#### Work request:
The answer must be an exact reprint of the lines from the one with "Offwhite Pink Kurta Set with Pants" through the final line of the data, with no pictures included.

Stored data:
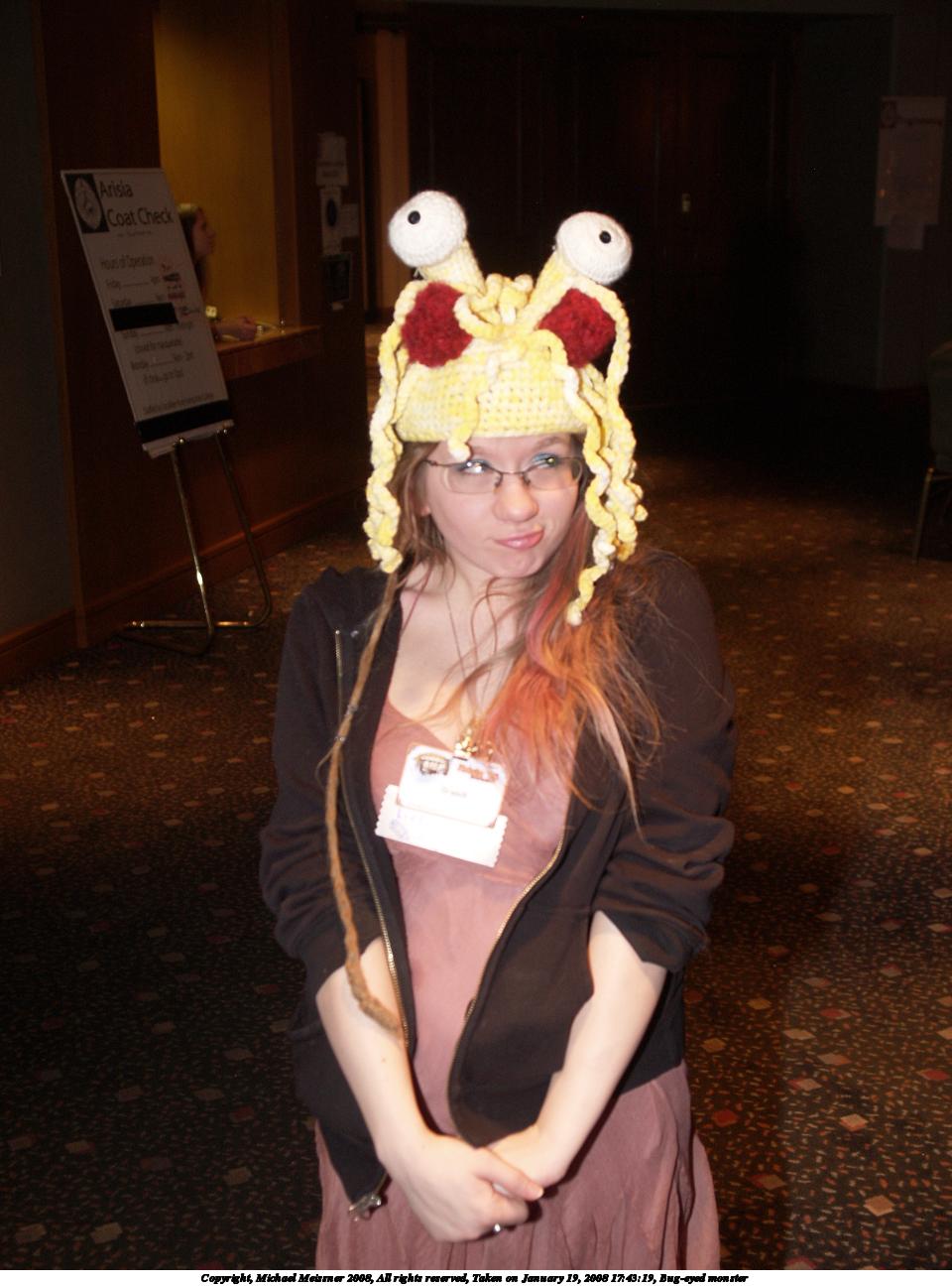 Picture #8: Bug-eyed monster Small: 960x1296, 130,324 bytes (128K), (html file) Large: 1920x2560, 4,858,522 bytes (4.6M), (html file) Copyright, Michael Meissner 2008, All rights reserved Olympus E-1 camera with Olympus 14-54mm f/2.8-3.5 lens f/3.1, ISO 200, FL-50 flash, 1/50 sec, 25.0mm, auto mode, SHQ, matrix metering, +2 sharpening 35mm equivalent focal length 50.0mm Extra equipment used: FL-50 flash Programs used: gimp, rotate Taken by Michael Meissner on January 19, 2008 17:43:19 Last modified on January 19, 2008 at 17:43 |
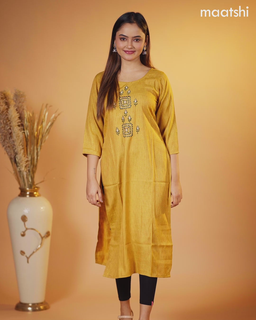 Rayon kurti mustard shade with embroidery work neck pattern without pant
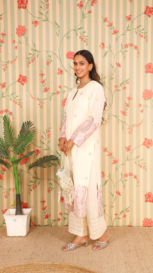 Offwhite Pink Kurta Set with Pants
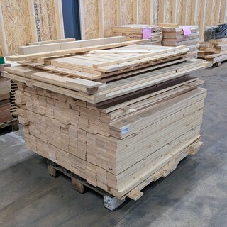 Ca. 380x Partij vurenhout, inclusief mal, Vuren, (lxbxd) ca. 1200x95x18, nieuw, pallethout, schoren en planken een partij inclusief mal. Kopmaat ca.: 18x95mm
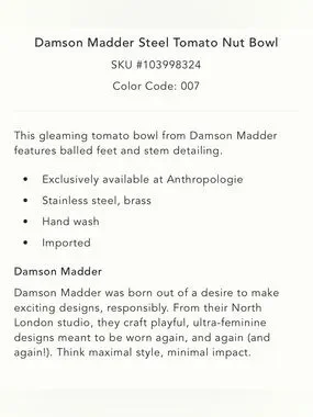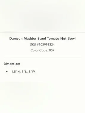 Anthropologie Damson Madder Steel Tomato Nut Bowl NEW
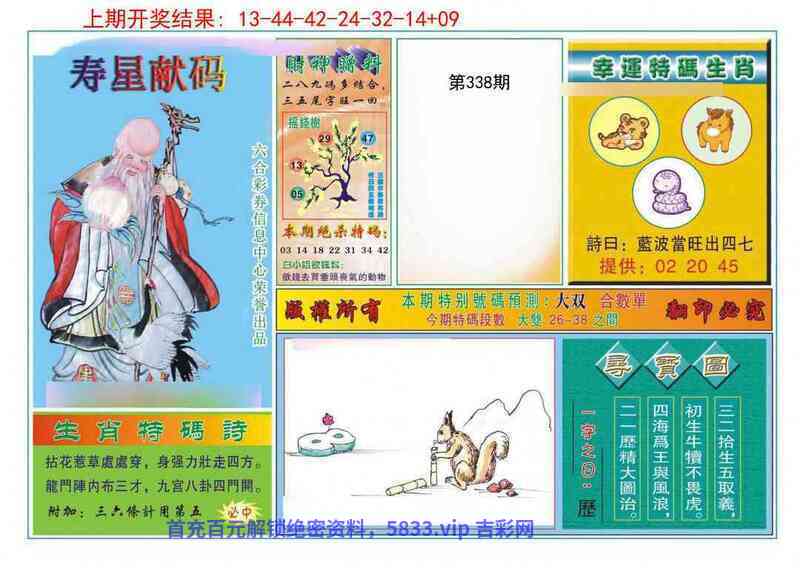 | 334期:七肖【虎鸡蛇猪猴羊鼠】开:猴46准 |

#### Task output:
 Offwhite Pink Kurta Set with Pants
 Ca. 380x Partij vurenhout, inclusief mal, Vuren, (lxbxd) ca. 1200x95x18, nieuw, pallethout, schoren en planken een partij inclusief mal. Kopmaat ca.: 18x95mm
 Anthropologie Damson Madder Steel Tomato Nut Bowl NEW
 | 334期:七肖【虎鸡蛇猪猴羊鼠】开:猴46准 |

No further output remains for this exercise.